> _Records_
──────
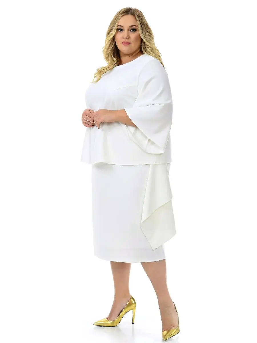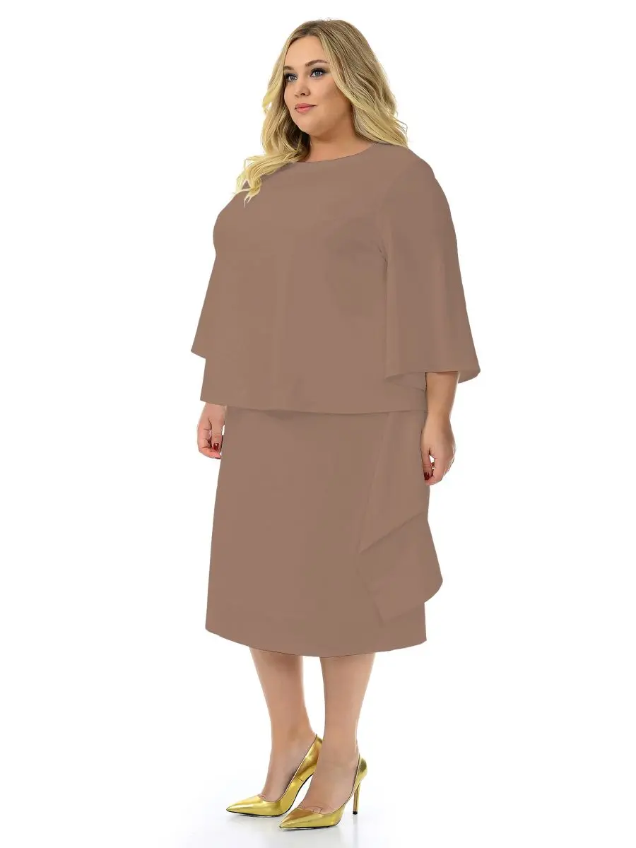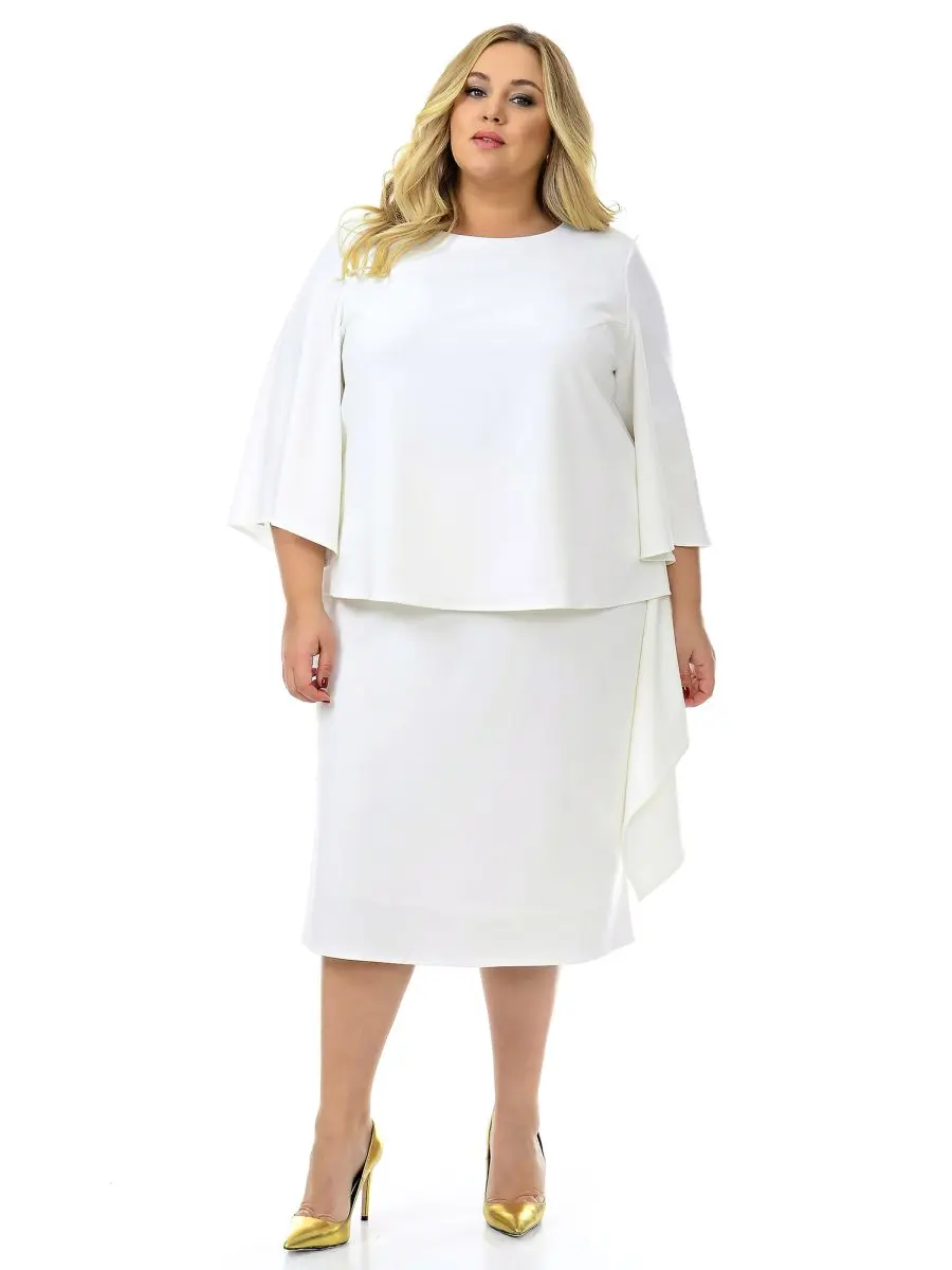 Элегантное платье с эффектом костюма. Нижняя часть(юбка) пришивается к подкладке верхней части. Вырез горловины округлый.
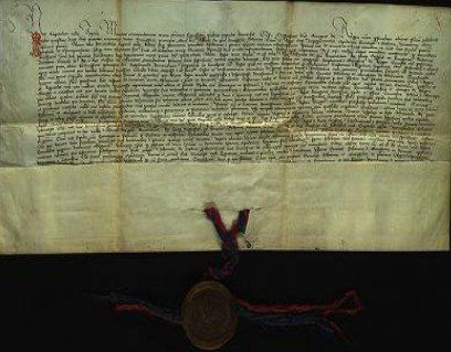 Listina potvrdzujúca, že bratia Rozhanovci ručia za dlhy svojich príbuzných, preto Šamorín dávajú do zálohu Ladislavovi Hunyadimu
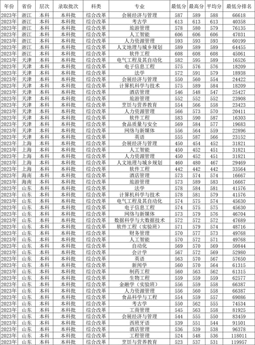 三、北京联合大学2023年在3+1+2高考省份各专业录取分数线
──────
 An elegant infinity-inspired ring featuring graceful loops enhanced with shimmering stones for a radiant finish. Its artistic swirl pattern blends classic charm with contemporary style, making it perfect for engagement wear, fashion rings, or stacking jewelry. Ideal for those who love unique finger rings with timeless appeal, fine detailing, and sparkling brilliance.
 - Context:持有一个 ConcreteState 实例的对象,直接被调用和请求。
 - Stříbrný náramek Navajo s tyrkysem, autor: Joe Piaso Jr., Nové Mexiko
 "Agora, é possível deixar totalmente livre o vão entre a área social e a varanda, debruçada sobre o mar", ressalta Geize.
──────
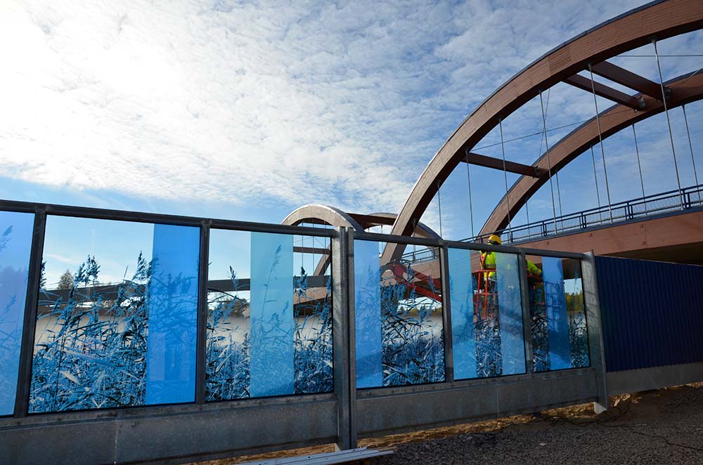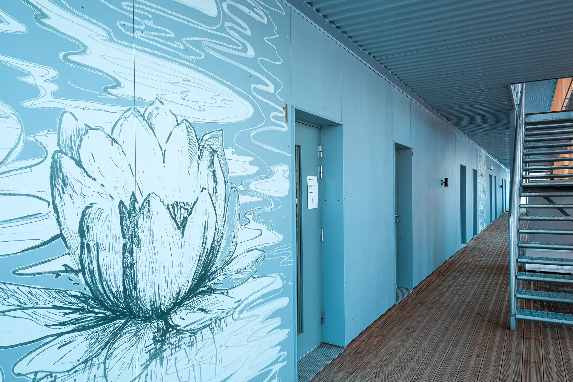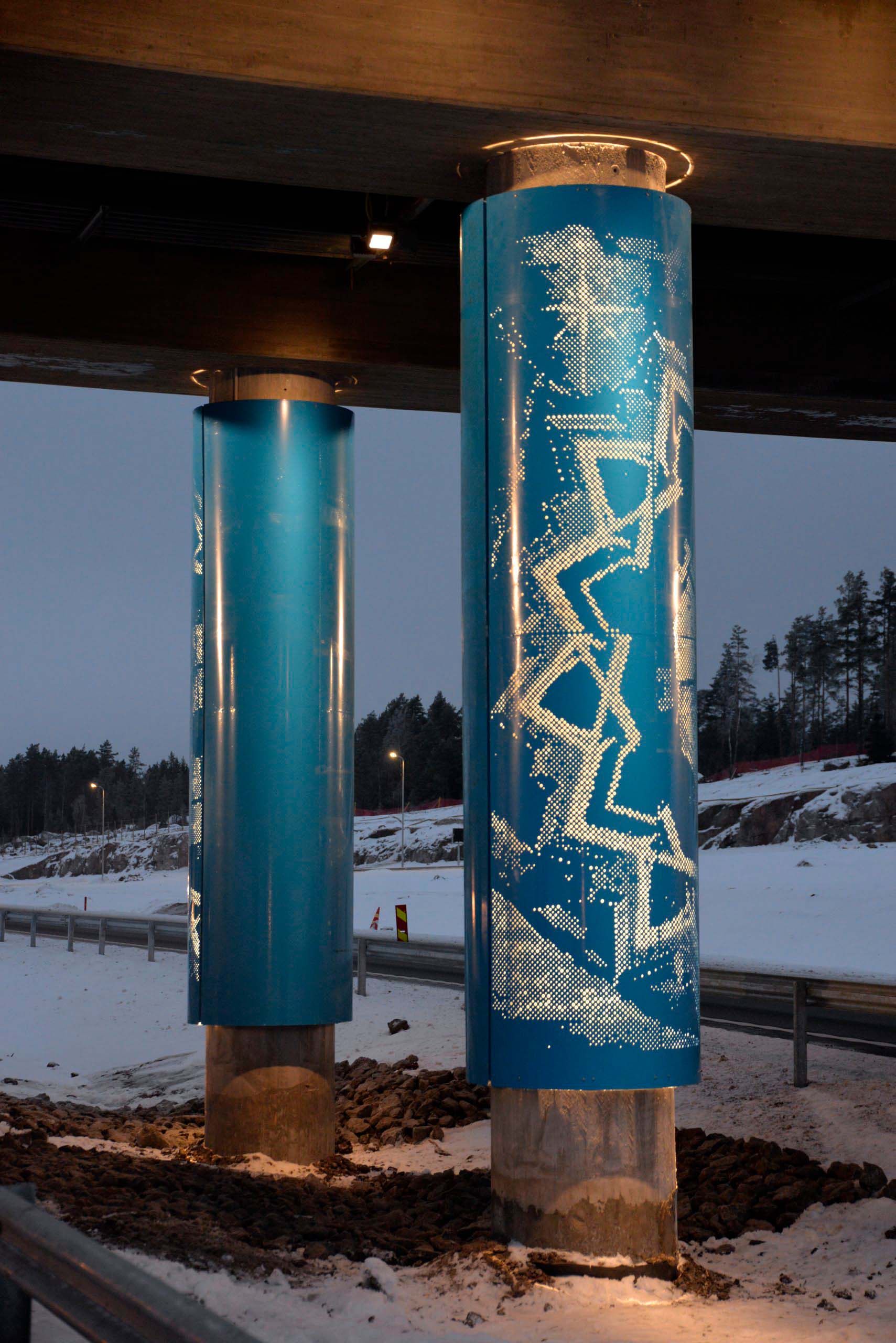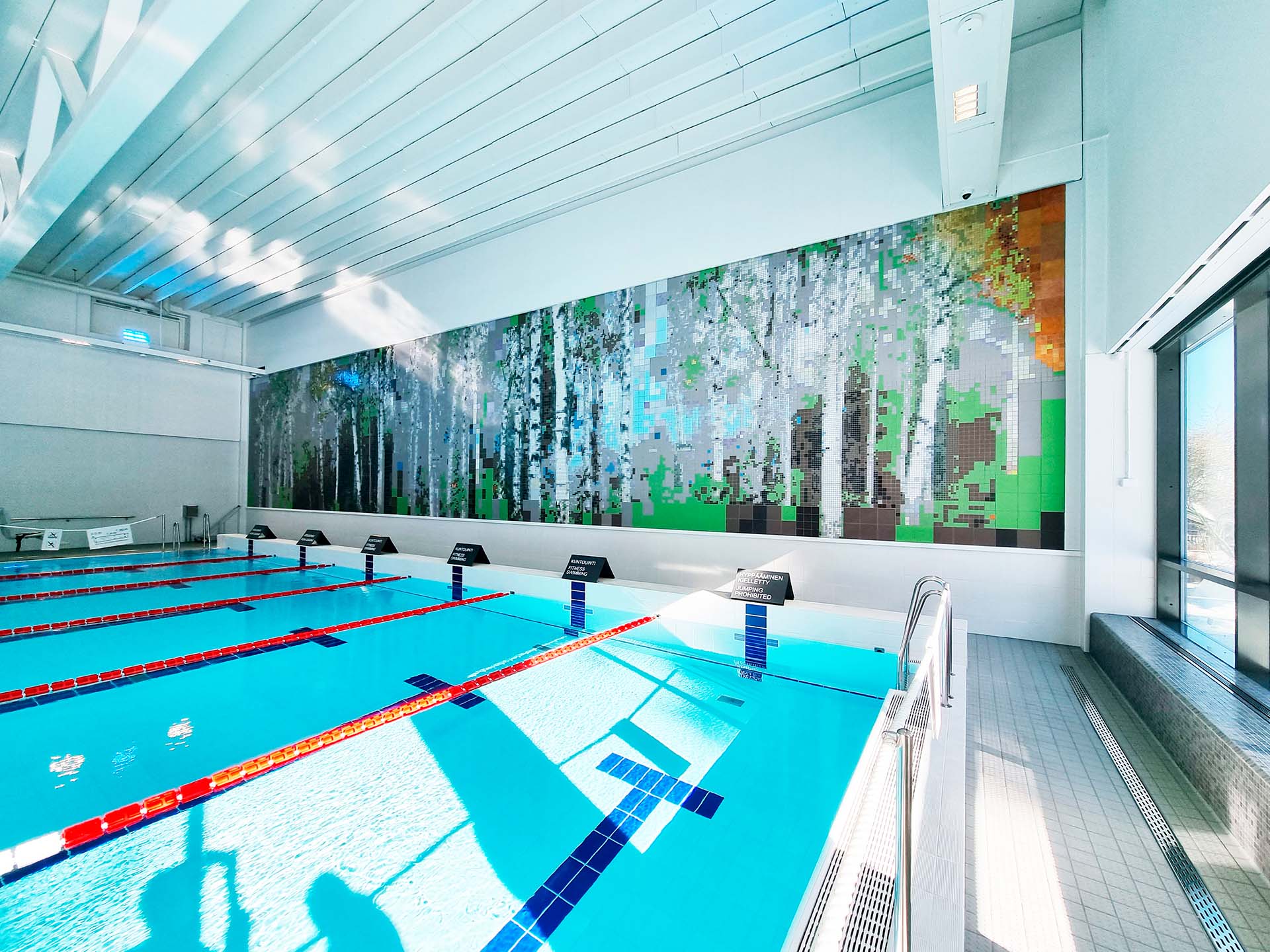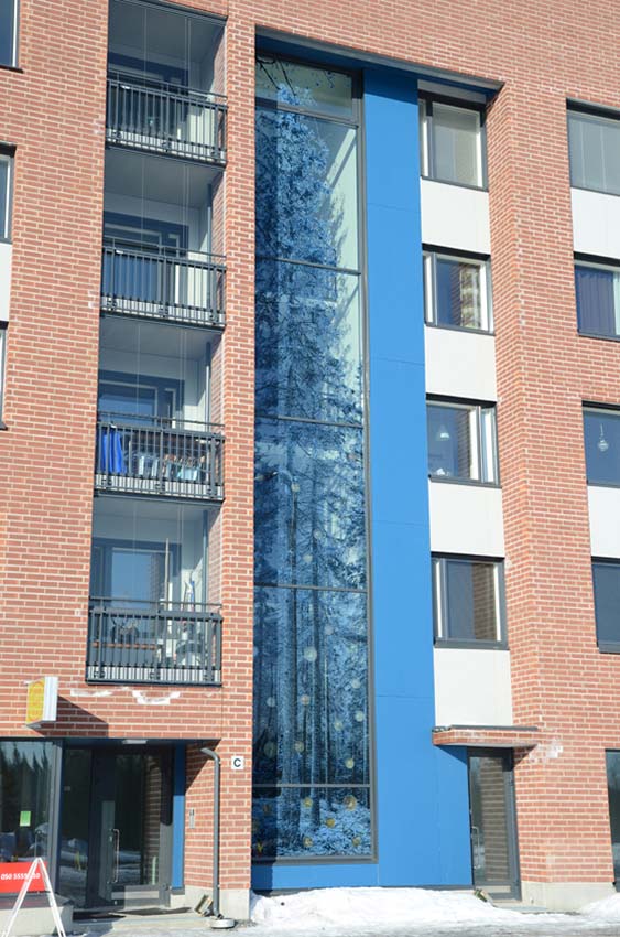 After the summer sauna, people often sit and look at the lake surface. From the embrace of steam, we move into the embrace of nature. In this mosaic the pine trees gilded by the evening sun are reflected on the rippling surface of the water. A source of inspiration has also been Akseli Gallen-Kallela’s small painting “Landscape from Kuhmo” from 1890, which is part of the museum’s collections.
──────
> _Work required_
Could you write out exactly the lines of the data above that run from the one holding "Элегантное платье с" to the one holding "三、北京联合大学2023年在3+1+2高考省份各专业录取分数线", with both ends in and all pictures out?

> _Problem solution_
 Элегантное платье с эффектом костюма. Нижняя часть(юбка) пришивается к подкладке верхней части. Вырез горловины округлый.
 Listina potvrdzujúca, že bratia Rozhanovci ručia za dlhy svojich príbuzných, preto Šamorín dávajú do zálohu Ladislavovi Hunyadimu
 三、北京联合大学2023年在3+1+2高考省份各专业录取分数线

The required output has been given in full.